The areas of high unemployment are those in which the rate of unemployment is minimum 150 percent of the national rate of unemployment at the time of making the investment. Rural areas are those geographic locations which are located outside of a city and wherein the population is above 20,000.
The EB-5 investment can be made in the form of cash, equipment, inventory, tangible property, secured indebtedness, or equivalents of cash. In all its forms, the investment shall be valued based on USD fair market value.
- The requirement of job creation
As per the directive of USCIS, the investment made under EB-5 visa requirement must result in providing full-time jobs to at least 10 US workers. The said jobs must be created within 2 years of the conditional permanent residency being granted to the investor. In a few cases, the investors will have to demonstrate how their investment in a US enterprise has led to the creation of jobs for a minimum of 10 workers.

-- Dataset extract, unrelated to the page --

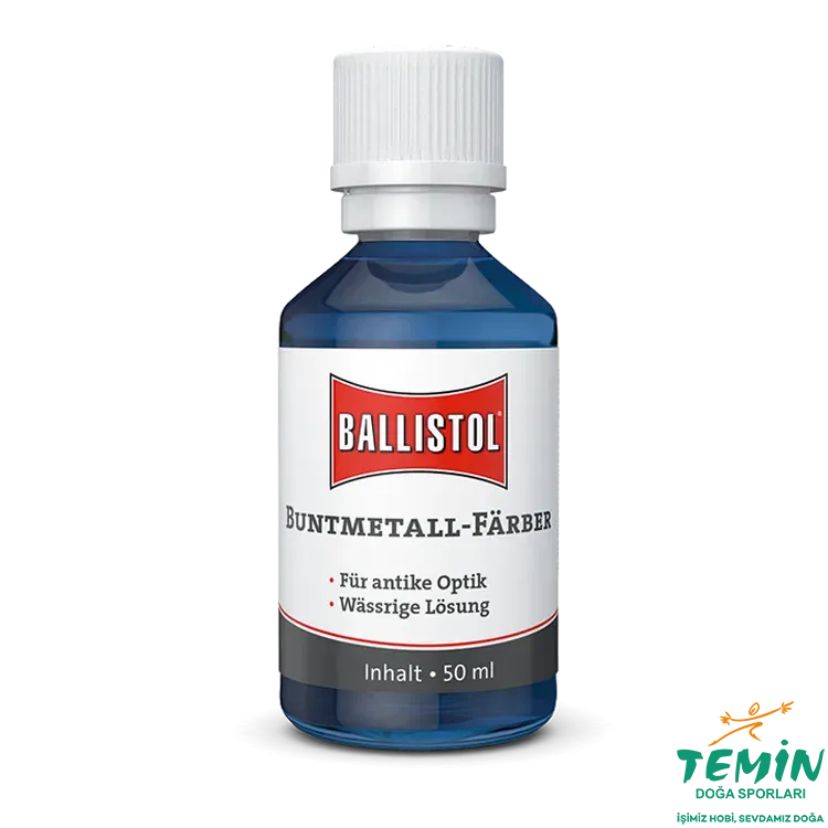 Ballistol Nerofor; bakır, pirinç ve bronz gibi bakır alaşımlarında yüzeye antik görünüm kazandırmak için kullanılan hızlı patina/karartma çözeltisidir. Açık sarı pirinç yüzeyleri koyu kahverengi tonlara taşıyabilir; uygulama süresi uzadıkça ton derinleşir.

- Business entity for investment as per EB-5 visa requirement
There are numerous types of business entities wherein the EB-5 visa applicant may invest. Generally, the applicants either make direct investment in a new commercial setup or they invest in a regional center. The new commercial entities may be one out of limited or general partnerships, corporations, business trusts, sole proprietorship, or other publicly or privately owned business structures. Any new commercial set up must have been established post-November 29, 1990, to qualify for the EB-5 visa requirement.

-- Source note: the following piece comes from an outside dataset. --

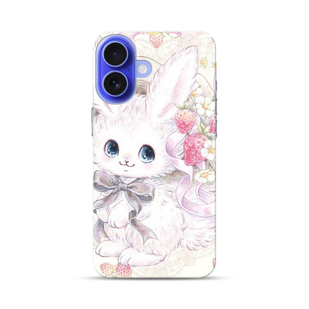 Kawaii Bunny mit Erdbeeren Apple iPhone 16 Hülle● Rundum bedruckbar

Alternatively, older commercial entities may also qualify the requirement if the investment made therein leads to a 40 percent rise in the strength of employees or net worth, or it has been structured so that it leads to the emergence of a new commercial entity.
In spite of fulfilling the requirements as mentioned above, an applicant may be ineligible for a US visa. The reasons for such ineligibility include the furnishing of fraudulent documents, past criminal records against investor or against his/her family members, drug trafficking, and overstaying the previous visa. You will be informed by the counselor officer if you appear ineligible on any of the aforementioned grounds.